Solas Project, ‘let your light shine’

Solas provides programmes for disadvantaged children-The Solas Project, facebook page

Solas provides programmes for disadvantaged youths-The Solas Project, Facebook page

Government cuts to education in the last few years have forced volunteers to set up alternative areas of learning for young people. Sinéad Makk learns about one such group based in the Liberties

The Solas Project, a community rejuvenation project for South Inner City Dublin, was founded in January 2007 by Salla Herron.  It was set up with an aim to “see communities rejuvenated through education and sport”.

The project is based on young people and helping them to overcome any obstacles or limitations they are forced to deal with, such as educational or social disadvantages.

Originally, the scheme only included an after-school programme which was set up to help students who required extra support at an early age, but now it has extended and is currently running seven programmes.

South Inner City Dublin was chosen as the area for the project because at that time a number of people, that are now associated with Solas, were involved in an outreach programme in the area and recognised the need for more support around the Liberties.  The founders of the project wanted to compliment the good things happening in the area and support the local schools.

Graham Jones, Head Gardener of the Solas Project, was involved in the outreach programme that led to the eventual creation of the Solas project; “We built relationships with people in the area and we were more inclined to help them because we saw the need.”

The Solas Project’s afterschool programme is now in its sixth year and caters for 30 pupils across two locations. The programme runs every Monday to Thursday from 2.30 -6.00 pm and comprises of three main factors; eating a hot meal together as a group, helping pupils with their homework and finally a fun activity such as swimming, baking or arts and crafts.

Positive results from the scheme are evident and a teacher of a student involved in the programme is delighted with the change; “The outcomes are very evident. The children attending the after-school programme are much happier and more secure, and they are much less likely to become frustrated with the educational system when they experience levels of success provided by programmes such as this.”

Jones commented on the change in participants saying “building relationships with them is a natural process and over time you see the relationship between volunteers and participants has a positive impact.”

In addition to the primary school programme Solas Project also provides a secondary school programme called ‘Step Up‘ and a college awareness programme called ‘Y not’; and finally a reading support programme.

‘Step up’ aims to help students in the transition between primary school and secondary school and it has a third level induction scheme for sixth class students.

In the disadvantaged areas within the Liberties as few as four per cent of school leavers go on to third level education.

Solas Project also set up a prison and probation programme in 2011, which services all of Dublin City rather than being confined to just South Inner City Dublin.  Graham Jones worked as a solicitor for many years, which is where his inspiration for the prison probation programme came from; “Coming to the end of my legal career I was involved in a criminal justice programme where I met young men involved in crime and I wanted to help them follow a more productive life.”

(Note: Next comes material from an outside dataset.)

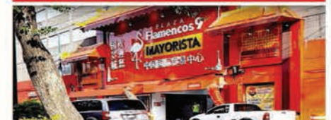
4 FLAMENCOS 9. "Centro de Comercio Internacional de China".

plenas condiciones de seguridad. Antes albergaba oficinas de la Tesorería de la Ciudad de México y de SACMEX.

This programme started out as a nine week tag rugby training course at St. Patrick’s Institution (a prison for young offenders aged between 17 – 21) for prisoners coming to the end of their sentence.  Involvement is voluntary in this project and the idea is to encourage self-discipline and motivation.

Solas Project relies heavily on volunteers and at any one time can have 60-70 volunteers actively involved, including a few Liberties residents who volunteer.